The sole owner of capital in the form of equity is the UK government.  They have no desire to extract economic rents.  Indeed, they have an incentive to keep economic rents to a minimum because their existence is, on net, welfare-destroying for Britain as a whole.

That leaves the suppliers of labour.  If no TfL worker was unionised, then individual employees would be unlikely to be able to insist on receiving economic rent (i.e. a wage in excess of the value of their marginal product).  By being unionised, however, the employees have collective bargaining power and are therefore able to insist on economic rents.  They can do this because they can credibly threaten to stop the tube from working.  The current strikes are a demonstration of the credibility of any future threat.
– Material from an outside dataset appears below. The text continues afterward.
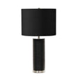 Black resin table lamp with Brushed Nickel accents. Includes a Black faux linen hard-backed shade. LS3018

There are two further issues to consider, however.  First:  what if without the union, workers would be unfairly exploited — paid less than the value of their marginal product?  If this were the case, the increased bargaining power of unionisation would be justified as it would offset the exploitation.  This is not a problem, however, because the owner of the Tube — the UK government — is not a a profit maximiser.  It is a (zero-profit seeking) service maximiser.  They have literally no incentive to pay less than the employees are genuinely worth.

Second:  what if, when paid the value of their marginal product, TfL employees end up with incomes that are less than the cost of living?  Once again, this fails as an argument for unionisation of TfL workers.  It is the job of the government to guarantee a living wage to all workers across the country, regardless of their job.  If TfL employees are concerned about this, they should be canvassing for an increase in the national minimum wage, not insisting on a higher wage just for themselves.

Therefore, to a first approximation, there is no justification for the unionisation of (and hence, no justification for the strike action by) London Underground employees.